Is this doable? Is Snort actually useful?
User requirements? 
Shut Down / Avoid future Fortinet advertisements LOL.
Both of you are charged with wasteful carbon usage for nonsensical posts!
If you don’t have experience in subject matter, input not required.
Isn’t pihole better suited for that ?
From what I can see, Snort is more for network intrusion detection.
OTOH if you need Snort for detecting network intrusion, your firewall may not be up to par 
True 
@anav, you did not specify the bigger context ; Offcourse “Snort” can run on/in a container, but did you mean : “run SNORT on a container ON a Mikrotik ??”
In that case I don’t think it will fly…its very resource-hungry and only if you run like a CHR on a x64 servers with lots of resources you might consider this…
Also remember that SNORT is a single-threaded application…you need multiple instances and complex setup to really scale well.
Indeed: use Suricata instead, that supports multithreading.

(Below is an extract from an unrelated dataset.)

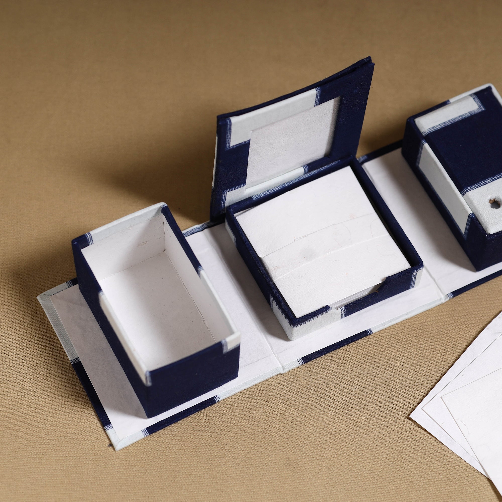 | Material | Handcrafted black printed stationery kit is designed to keep your workspace neat, creative, and complete. Perfect for students and professionals, it includes all the right essentials for daily use. Made from durable cardboard and covered with block printed cotton fabric, it’s easy to carry, elegant in look and adds charm to any home or office desk.

BUT: I am running suricata on an Intel desktop CPU 6 cores @3,8 GHz for a cable uplink link with 160MBps. The box has 16G RAM. (That replaced an older 4 core Intel box, which was too slow.)
I admit, that runs a lot of other stuff as well, but this is the kind on HW Suricata/Snort likes to run on. It is also picky with the interface cards.
Also one more aspect: without breaking up all HTTPS sessions, IPSes are almost useless.
So with the energy prices today I will just stop using it and replace my shiny home FW box with all the bells and whistles by an RB5009, without IPS.
I will probably save the money I spend on the RB5009 on the electricity bill very soon.